Type de juridiction : Tribunal judiciaire

Juridiction : Tribunal judiciaire de Paris

Thématique : Mesures de blocage des FAI : qui doit payer ?

Résumé

La question du financement des mesures de blocage ordonnées par un juge aux fournisseurs d’accès à Internet (FAI) suscite des débats. Dans une affaire de blocage d’un site de téléchargement illégal, la SCPP a demandé que les FAI prennent en charge ces coûts. Cependant, le Conseil Constitutionnel a statué que les dépenses liées aux interceptions de sécurité ne peuvent pas être imputées aux opérateurs, car elles relèvent de l’intérêt général. De même, la CJUE a souligné que ces injonctions pourraient nuire à la liberté d’entreprise des FAI, qui ne sont pas responsables des atteintes aux droits de propriété intellectuelle.

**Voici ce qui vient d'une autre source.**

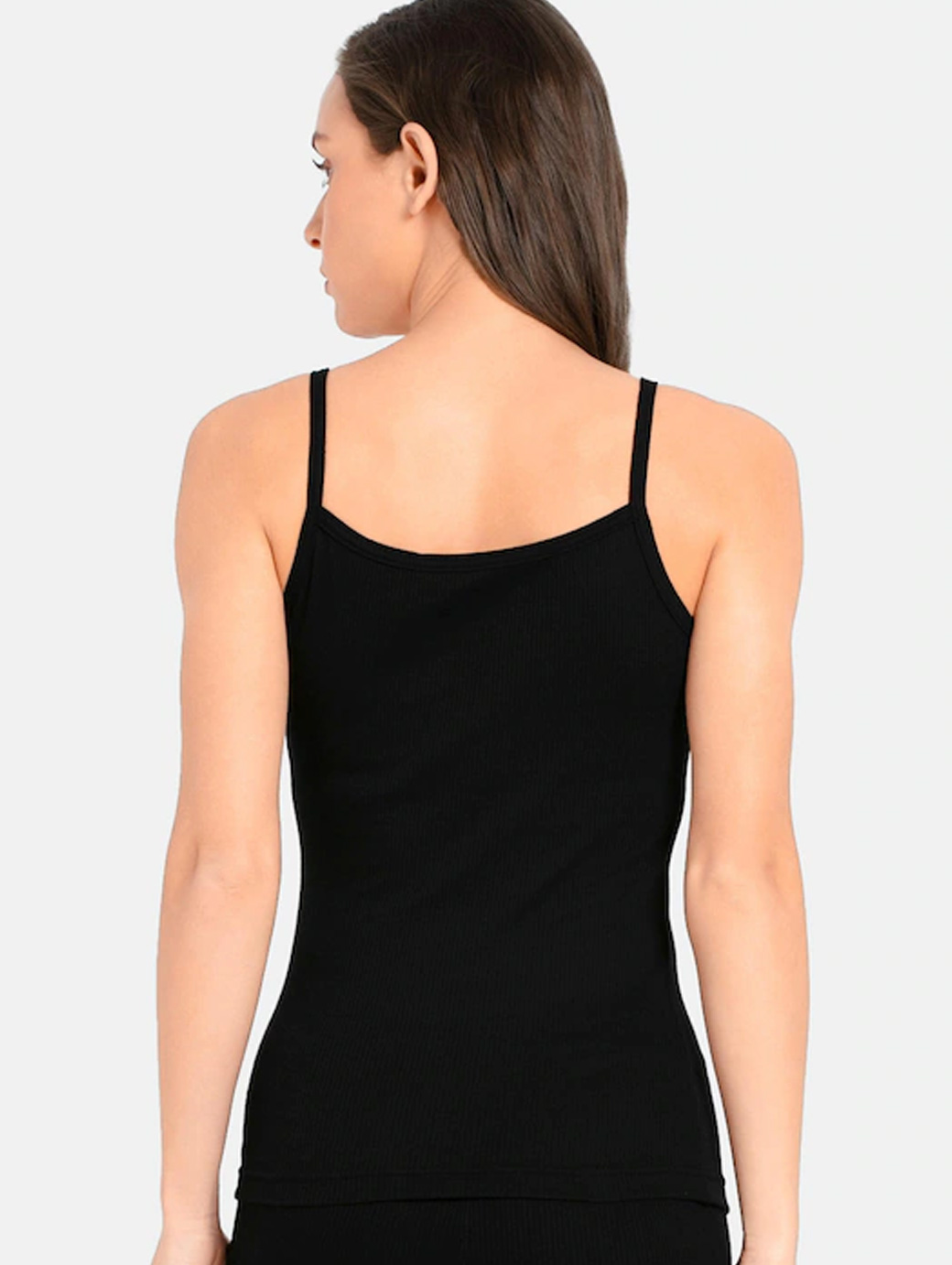 Women Black Solid Thermal Spaghetti Top

Qui doit supporter le coût du blocage d’un domaine ordonné aux FAI par un juge ?  Dans cette affaire de blocage de l’accès à un site de téléchargement contrefaisant d’œuvres phonographiques, la SCPP demandait la prise en charge financière des mesures de blocage du domaine par les fournisseurs d’accès (FAI).

Position du Conseil Constitutionnel

Le Conseil Constitutionnel dans sa décision du 28 décembre 2000 a, à propos des frais engendrés par les interceptions de sécurité demandées aux opérateurs, indiqué que : « Considérant que, s’il est loisible au législateur, dans le respect des libertés constitutionnellement garanties, d’imposer aux opérateurs de réseaux de télécommunications de mettre en place et de faire fonctionner les dispositifs techniques permettant les interceptions justifiées par les nécessités de la sécurité publique, le concours ainsi apporté à la sauvegarde de l’ordre public, dans l’intérêt général de la population, est étranger à l’exploitation des réseaux de télécommunications ; que les dépenses en résultant ne sauraient dès lors, en raison de leur nature, incomber directement aux opérateurs».

Position de la CJUE

La CJUE a dit pour droit dans l’arrêt SABAM / Netlog (CJUE, 16 févr. 2012, aff. C-360/10) que « Une telle injonction entraînerait une atteinte caractérisée à la liberté d’entreprise du fournisseurs d’accès Internet concerné puisqu’elle l’obligerait à mettre en place un système informatique complexe, coûteux, permanent et à ses seuls frais, ce qui serait d’ailleurs contraire aux conditions prévues à l’article 3, paragraphe 1, de la directive 2004/48, qui exige que les mesures pour assurer le respect des droits de propriété intellectuelle ne soient pas inutilement complexes ou coûteuses». Elle a réaffirmé sa position dans la décision Telekabel, rendue le 27 mars 2014, en rappelant que l’injonction limitait la liberté d’entreprendre du fournisseur d’accès à l’internet, notamment en ce qu’elle « 1’oblige à prendre des mesures qui sont susceptibles de représenter pour celui-ci un coût important », alors même qu’il « n’est pas l’auteur de l’atteinte au droit fondamental de propriété intellectuelle ayant provoqué l’adoption de ladite injonction ».

Dès lors, le coût des mesures ordonnées ne peut être mis à la charge des FAI qui ont l’obligation de les mettre en oeuvre.  Il appartient aux FAI de solliciter, s’ils le souhaitent, le paiement de leurs frais auprès des demandeurs à une instance, eu égard aux mesures effectivement prises et aux dépenses engagées spécifiquement pour l’application des injonctions qui leur sont faites.